### Work to complete
The answer must be the full listing, word for word, with no pictures in it.

### Recorded data
###
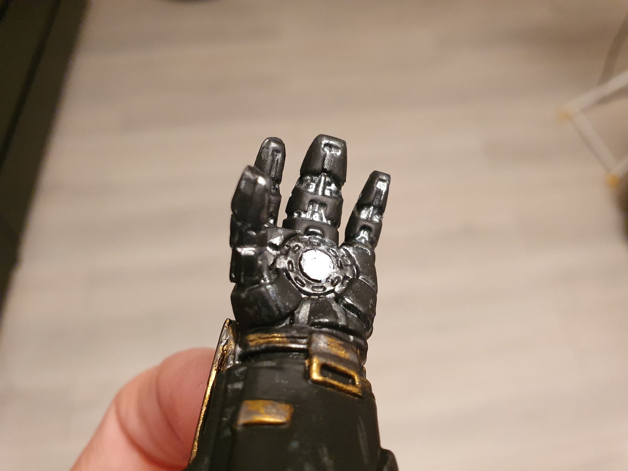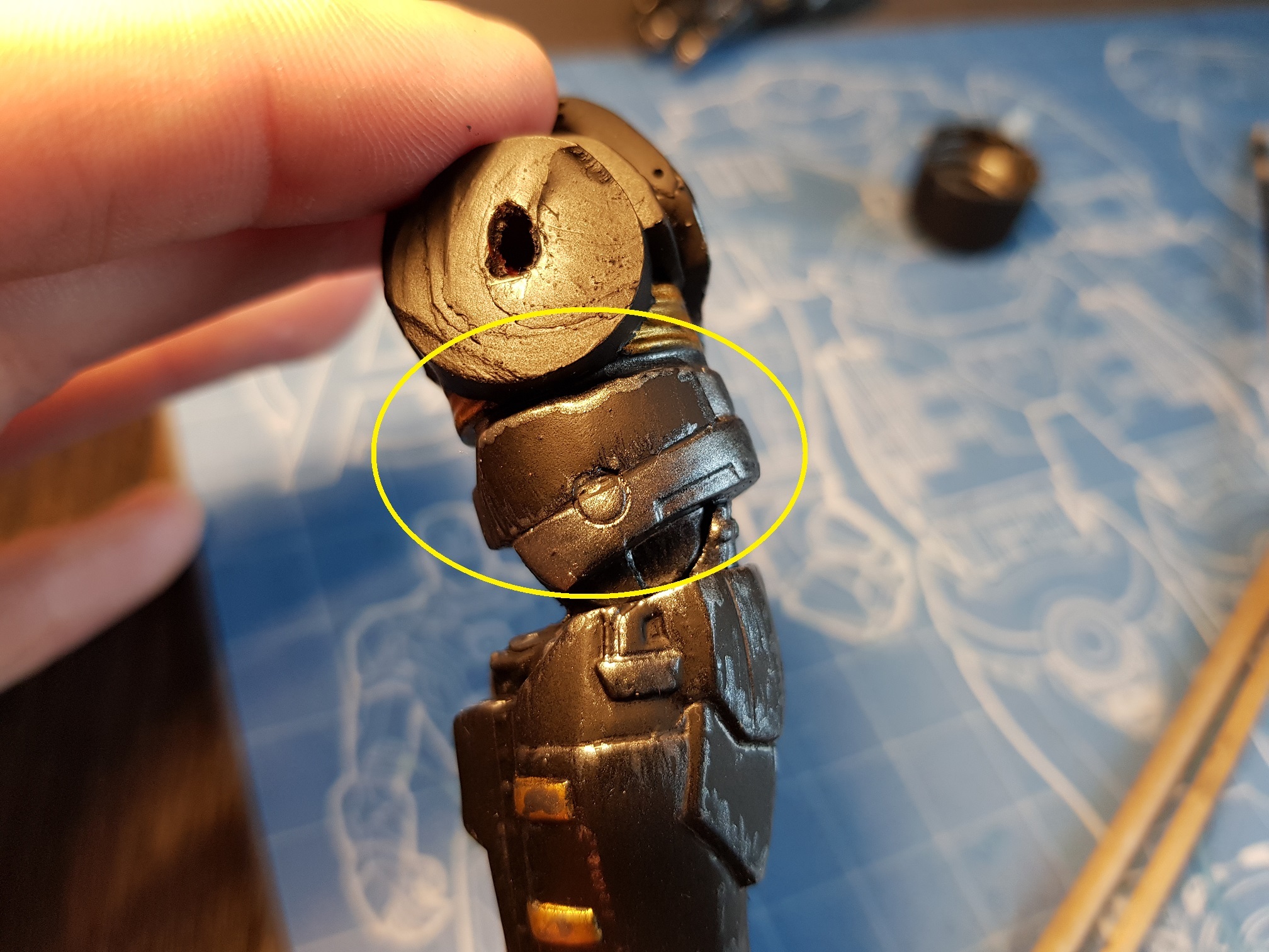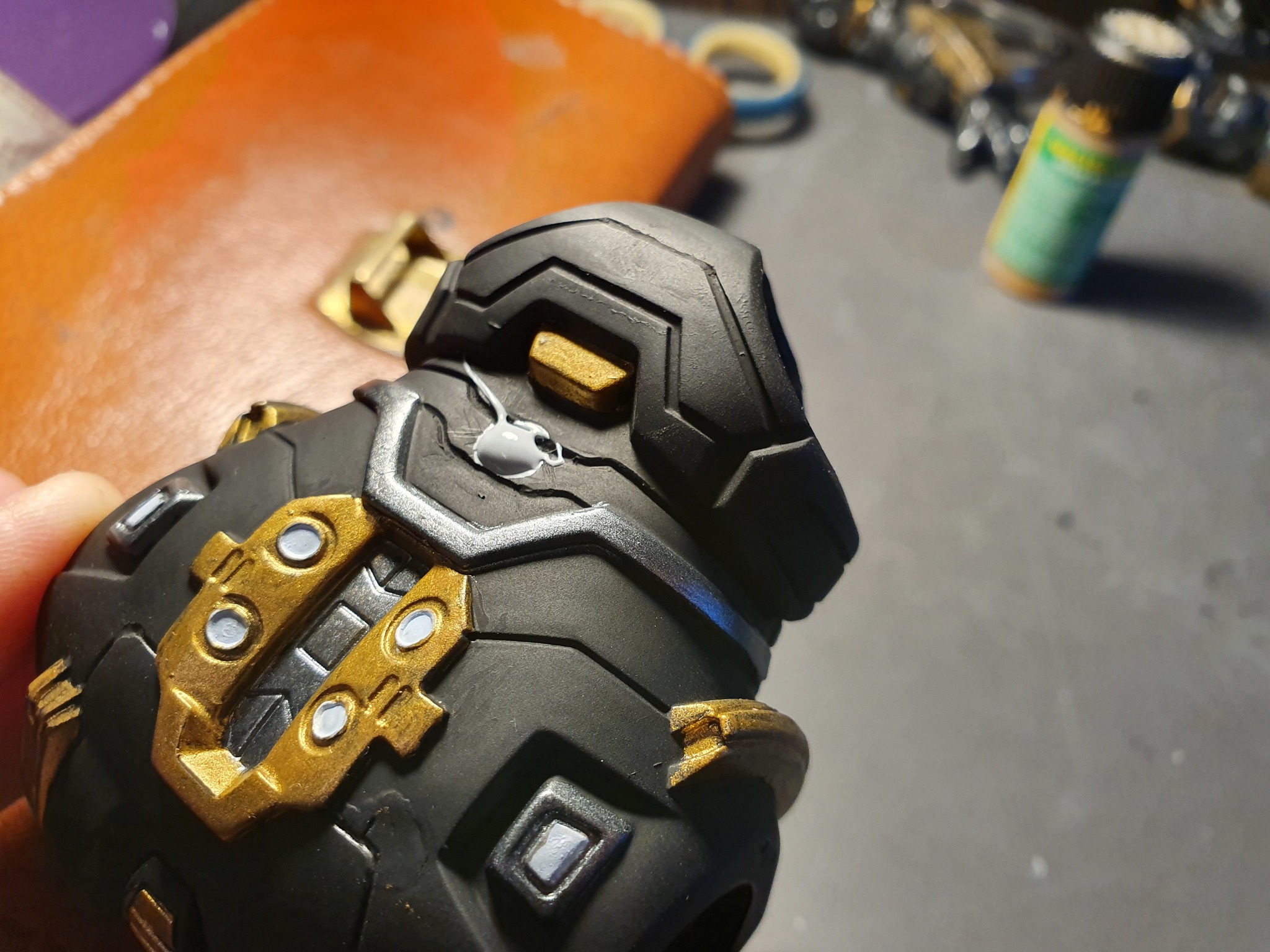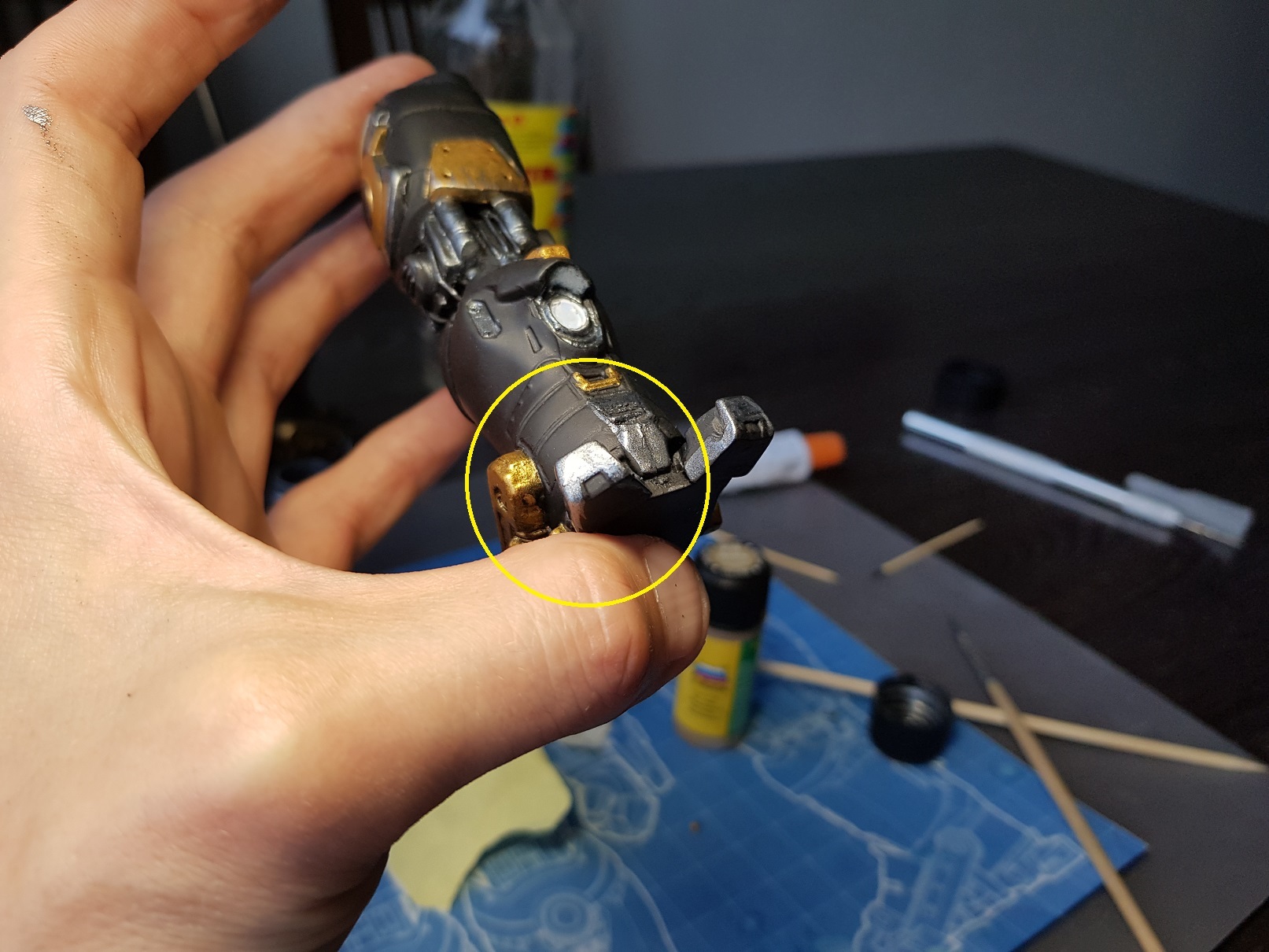 Вернулся к нанесению "Серебра", то есть "Стали". Помимо деталей, которые на Х изначальне не крашены и должны быть стального цвета. Легонько мазюкаю там, где Х мог обордраться во время жарких баталий. На пример локти.
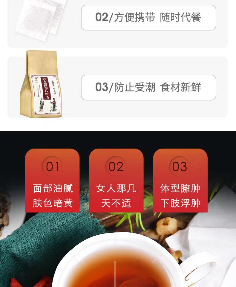 【买二送当归】六制四物汤的核心是补气血,调理改善月经,独立小包装,改善面部油腻,体型臃肿等,一杯呵护女人,告别坏心情!
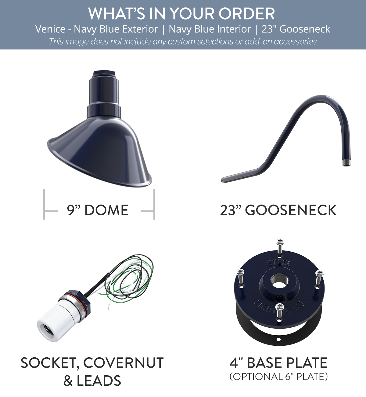 Venice x (1) Color: Navy Blue Interior Color: Navy Blue Mount: 23" Gooseneck
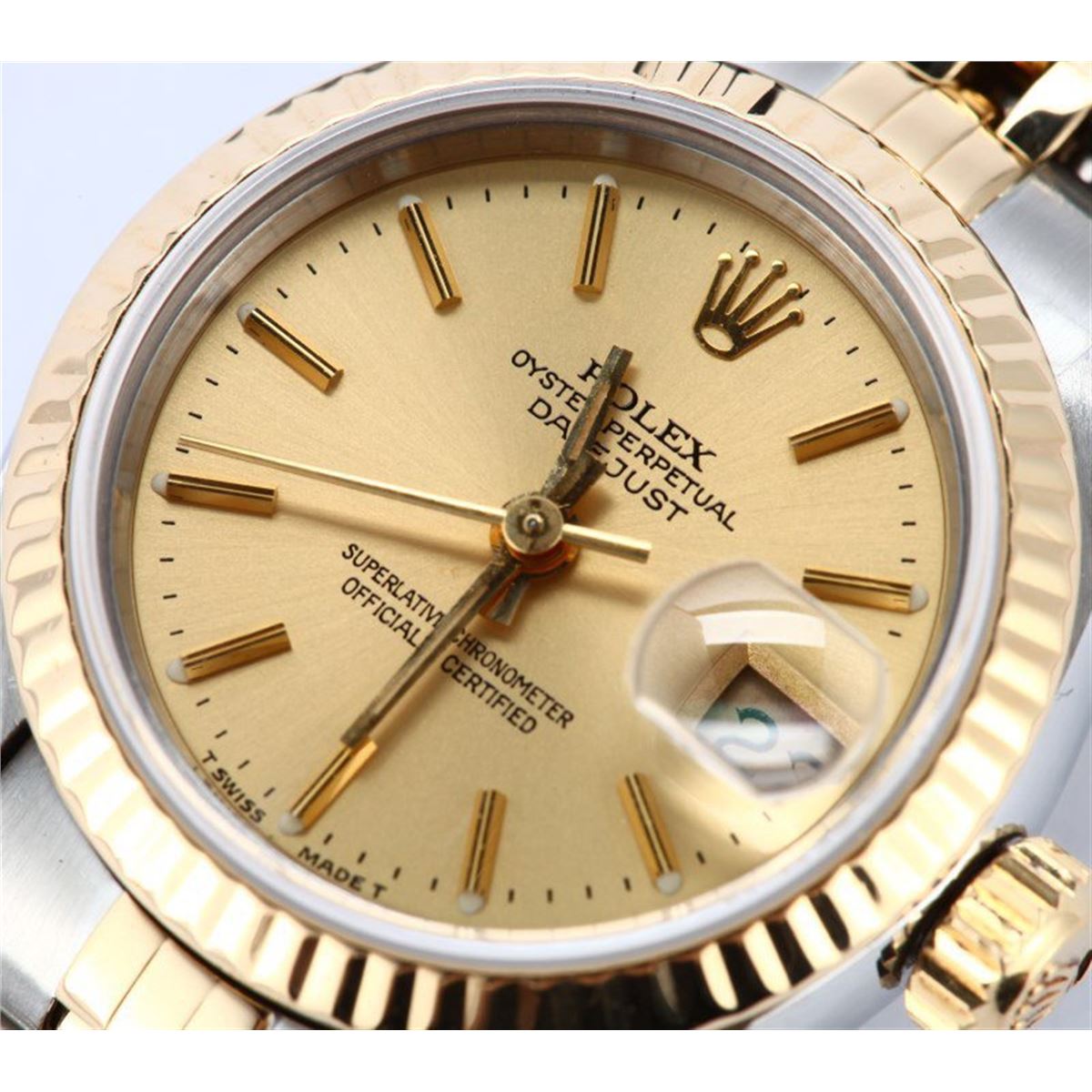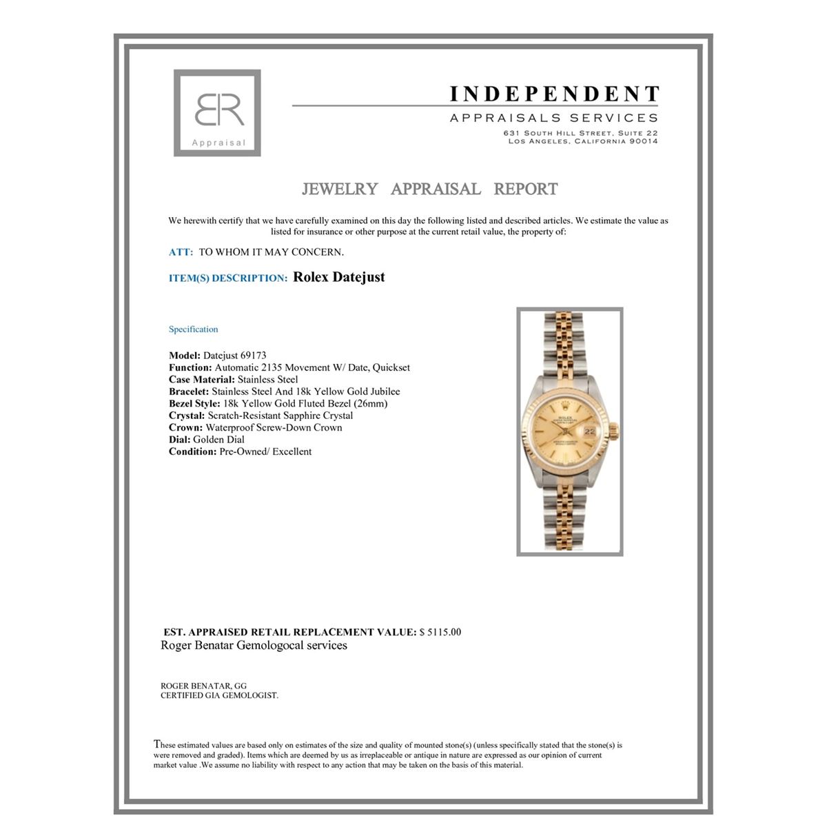 Model/Style-Datejust 69173 Serial/Year-Random Features-Automatic 2135 movement w/ date, Quickset, scratch-resistant sapphire crystal, waterproof screw-down crown Case-Stainless steel w/ 18k yellow gold fluted bezel (26mm) Bracelet-Stainless steel and 18k yellow gold Jubilee #9039
###
### Your solution
 Вернулся к нанесению "Серебра", то есть "Стали". Помимо деталей, которые на Х изначальне не крашены и должны быть стального цвета. Легонько мазюкаю там, где Х мог обордраться во время жарких баталий. На пример локти.
 【买二送当归】六制四物汤的核心是补气血,调理改善月经,独立小包装,改善面部油腻,体型臃肿等,一杯呵护女人,告别坏心情!
 Venice x (1) Color: Navy Blue Interior Color: Navy Blue Mount: 23" Gooseneck
 Model/Style-Datejust 69173 Serial/Year-Random Features-Automatic 2135 movement w/ date, Quickset, scratch-resistant sapphire crystal, waterproof screw-down crown Case-Stainless steel w/ 18k yellow gold fluted bezel (26mm) Bracelet-Stainless steel and 18k yellow gold Jubilee #9039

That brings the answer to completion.